Task item -
What is needed is an exact reproduction of the lines in the records below, starting at the line with "嵩明縣第四中學2024年招聘" and ending at the line with "Jaspal x nussdaydream", both included, and nothing else; pictures stay out.

Available records -
•••••
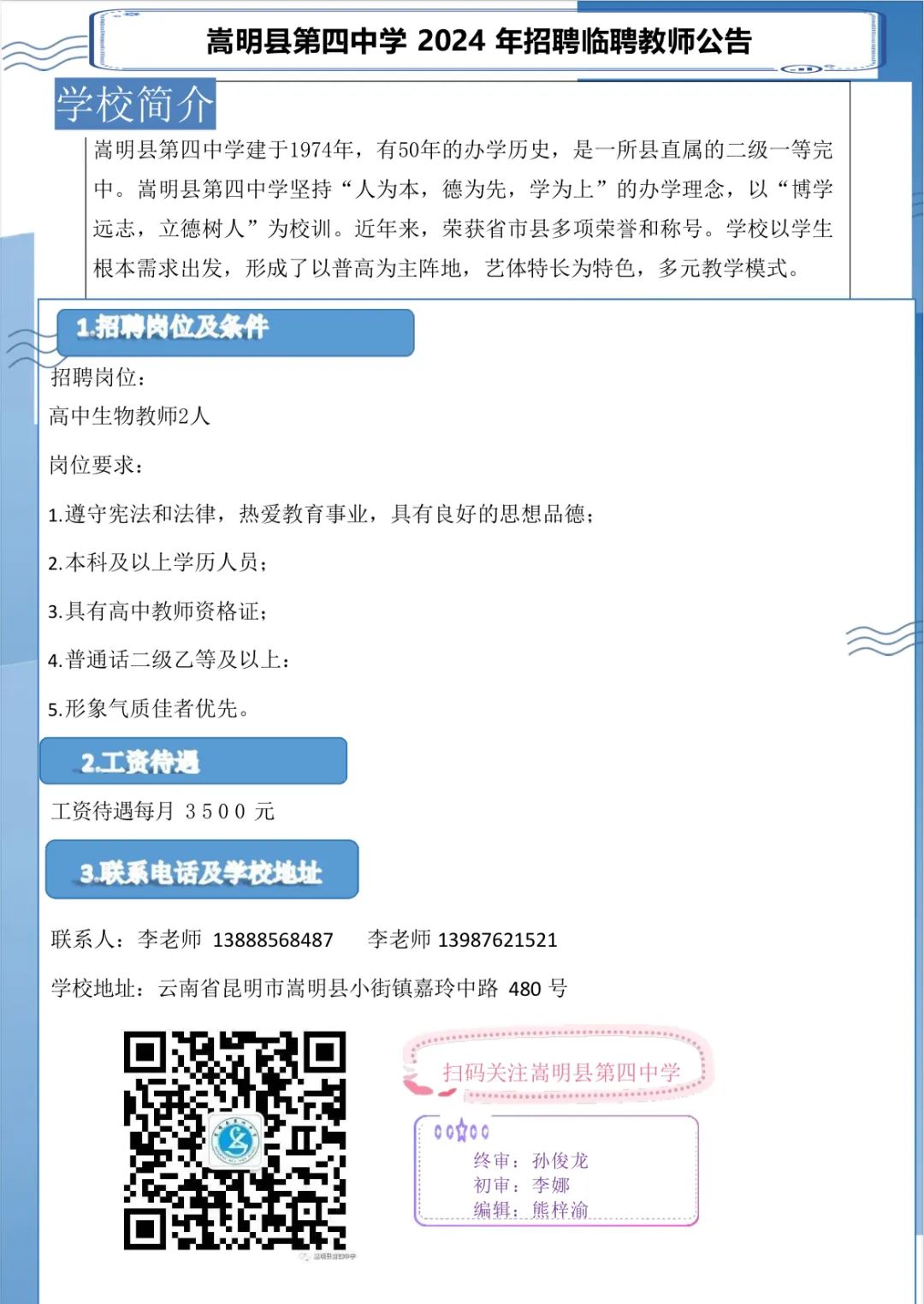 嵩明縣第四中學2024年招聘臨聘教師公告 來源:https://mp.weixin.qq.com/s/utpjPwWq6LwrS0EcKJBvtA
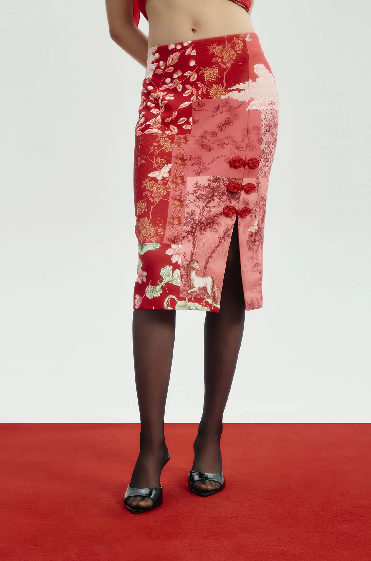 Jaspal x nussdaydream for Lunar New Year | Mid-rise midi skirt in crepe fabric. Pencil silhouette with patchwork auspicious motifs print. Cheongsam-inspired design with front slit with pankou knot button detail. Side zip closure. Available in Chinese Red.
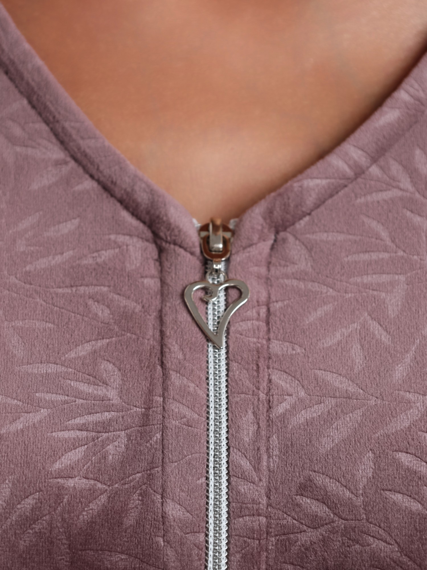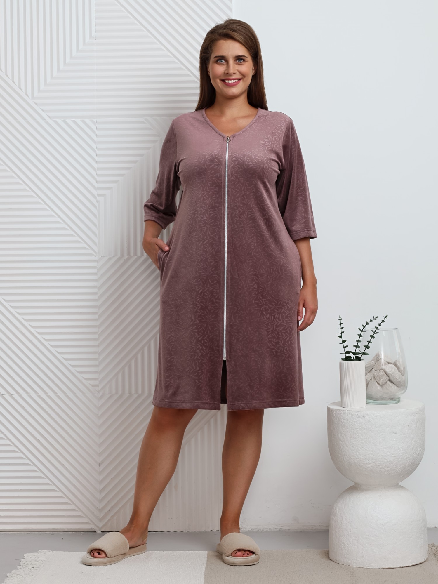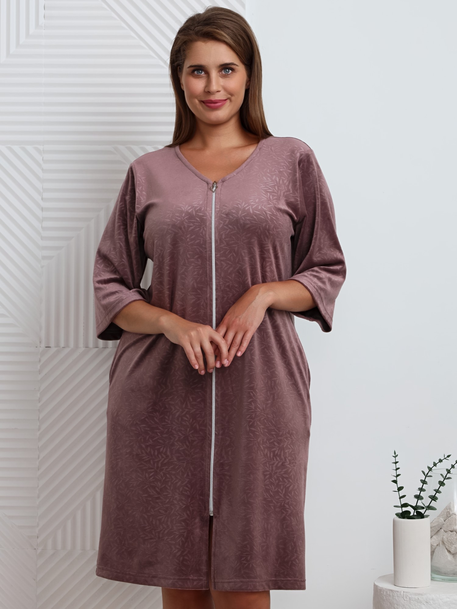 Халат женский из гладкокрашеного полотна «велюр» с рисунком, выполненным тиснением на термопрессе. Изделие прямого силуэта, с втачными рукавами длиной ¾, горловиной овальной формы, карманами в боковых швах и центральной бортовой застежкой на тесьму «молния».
•••••
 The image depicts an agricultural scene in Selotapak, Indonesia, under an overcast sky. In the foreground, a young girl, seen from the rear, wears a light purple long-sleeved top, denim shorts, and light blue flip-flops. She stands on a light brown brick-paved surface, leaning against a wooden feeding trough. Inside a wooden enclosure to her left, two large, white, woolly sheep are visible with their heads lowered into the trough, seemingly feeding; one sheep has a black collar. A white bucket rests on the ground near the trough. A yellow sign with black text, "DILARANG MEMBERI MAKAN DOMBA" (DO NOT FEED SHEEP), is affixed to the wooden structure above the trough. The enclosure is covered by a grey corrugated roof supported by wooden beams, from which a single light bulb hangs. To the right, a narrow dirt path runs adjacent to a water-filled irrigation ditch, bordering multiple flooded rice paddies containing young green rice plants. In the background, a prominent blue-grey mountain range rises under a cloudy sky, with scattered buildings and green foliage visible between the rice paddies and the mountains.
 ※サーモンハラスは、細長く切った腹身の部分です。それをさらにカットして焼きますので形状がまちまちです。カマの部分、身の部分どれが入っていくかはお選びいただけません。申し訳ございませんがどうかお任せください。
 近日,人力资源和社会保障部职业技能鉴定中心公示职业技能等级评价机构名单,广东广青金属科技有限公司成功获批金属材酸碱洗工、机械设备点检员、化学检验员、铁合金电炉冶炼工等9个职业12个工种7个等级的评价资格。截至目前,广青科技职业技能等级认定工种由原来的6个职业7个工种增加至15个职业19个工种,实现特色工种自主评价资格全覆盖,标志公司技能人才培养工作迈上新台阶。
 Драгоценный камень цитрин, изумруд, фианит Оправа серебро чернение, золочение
•••••
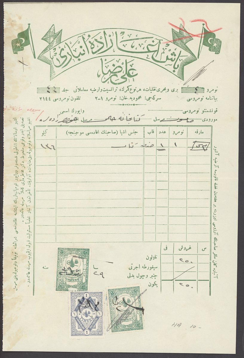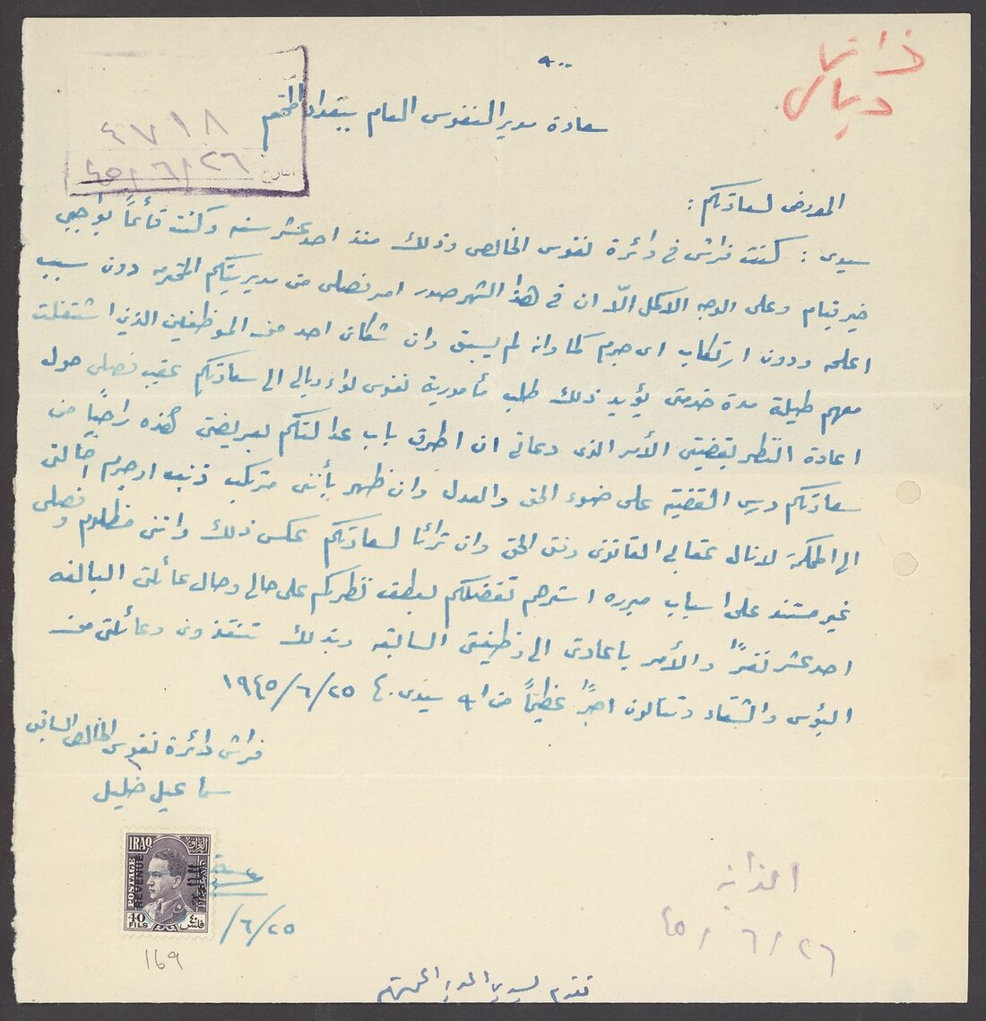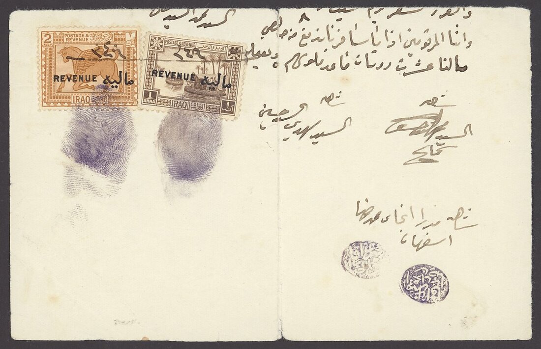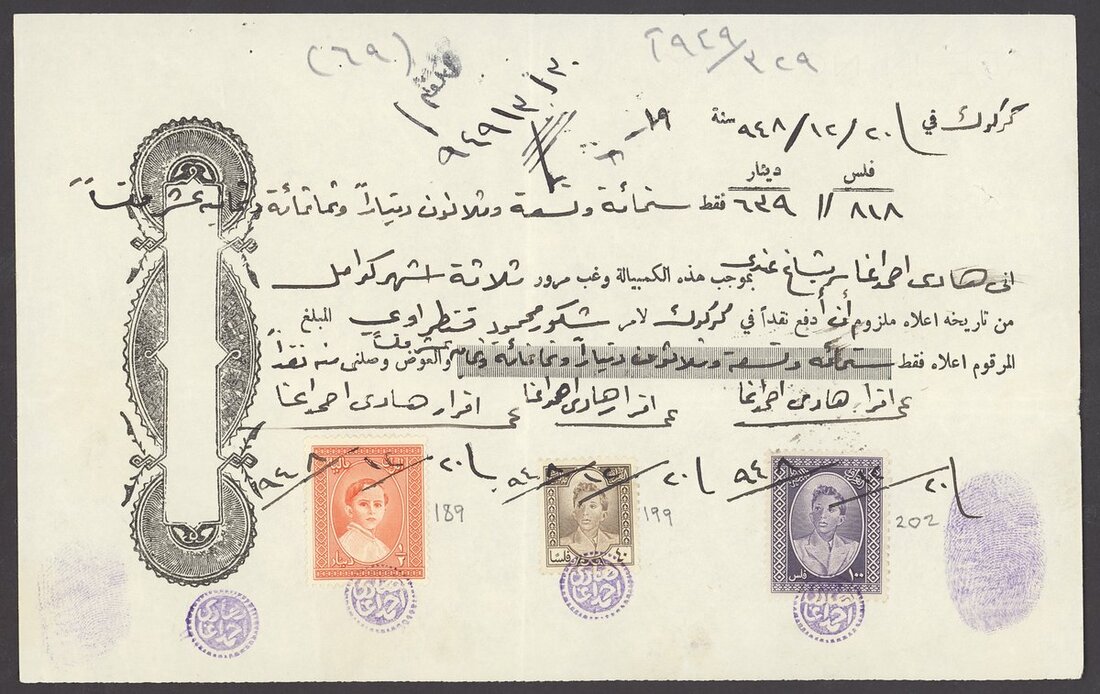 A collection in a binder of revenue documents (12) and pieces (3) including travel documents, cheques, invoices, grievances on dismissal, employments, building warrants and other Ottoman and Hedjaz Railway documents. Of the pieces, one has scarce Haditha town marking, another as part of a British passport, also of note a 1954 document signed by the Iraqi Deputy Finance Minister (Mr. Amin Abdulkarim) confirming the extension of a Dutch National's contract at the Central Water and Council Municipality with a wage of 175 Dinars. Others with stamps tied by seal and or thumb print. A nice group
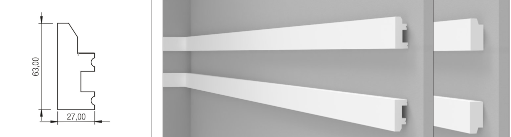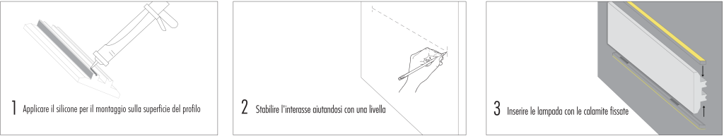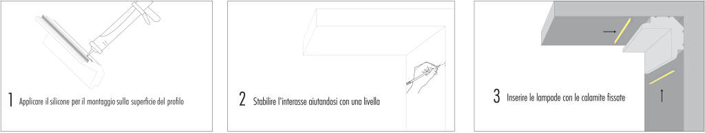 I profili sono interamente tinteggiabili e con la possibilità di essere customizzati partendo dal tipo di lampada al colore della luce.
•••••
Solved problem -
 嵩明縣第四中學2024年招聘臨聘教師公告 來源:https://mp.weixin.qq.com/s/utpjPwWq6LwrS0EcKJBvtA
 Jaspal x nussdaydream for Lunar New Year | Mid-rise midi skirt in crepe fabric. Pencil silhouette with patchwork auspicious motifs print. Cheongsam-inspired design with front slit with pankou knot button detail. Side zip closure. Available in Chinese Red.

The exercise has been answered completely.